Inspired by the structure-conduct-performance (SCP) paradigm, the other stream of strategic management praxis places the market structure at the nub and core of the firm’s CA, and makes a declarative statement that the permanence of the firm’s CA is bound, hip and thigh, to its monopoly position.
While the monopoly status of the Kenyan Telco extinguished it, the lack of monopoly status for Huawei inflamed it. The Kenyan Telco withered in spite of its fibrous roots tapping into the rich humus of lucrative export markets, but Huawei flowered in spite of its focus on rural markets. Comparatively, the Kenyan Telco had an embarrassment of riches, and better access to network member resources; but lost the race even before the starter pistol had fired.

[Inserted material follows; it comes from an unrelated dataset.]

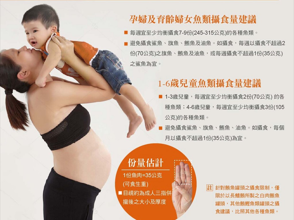 但畢竟魚類含有豐富的維生素、礦物質、omega-3,亦是優良蛋白質的來源,對健康有許多益處, 不論是哪個族群,都應該攝取。因此建議平常多以中⼩型魚或是養殖魚取代大型魚,既能攝取到 許多有益的營養素,也能減少過多有害物質對健康產生的危害。

I do not know whether to conclude that the tale of two Telcos reflects the triumph of RBV over the SCP. What I do know however is that one would have been tempted to cut the Kenyan Telco some slack, were its misfortunes the sad accident of overplaying its hand like a gambler…but no, its politically-inspired, long-serving boss chased the Telco down the rabbit hole of graft, and allowed financial rot to grow like a pernicious weed.
At the monstrous disjuncture between hope and glory, the Kenyan Telco no longer feels the spark ignite inside of it…it no longer flies high like a bloody banner…that split-second vision that it had of itself no longer shines bright as the Sun…at that monstrous disjuncture, its vaulting ambitions have turned out to be all froth and no substance… and so today, having conquered the paddy fields of the rural enclave from which it sprung, Huawei marches down the silk road and economic belt to roll out its 5G network in Nairobi.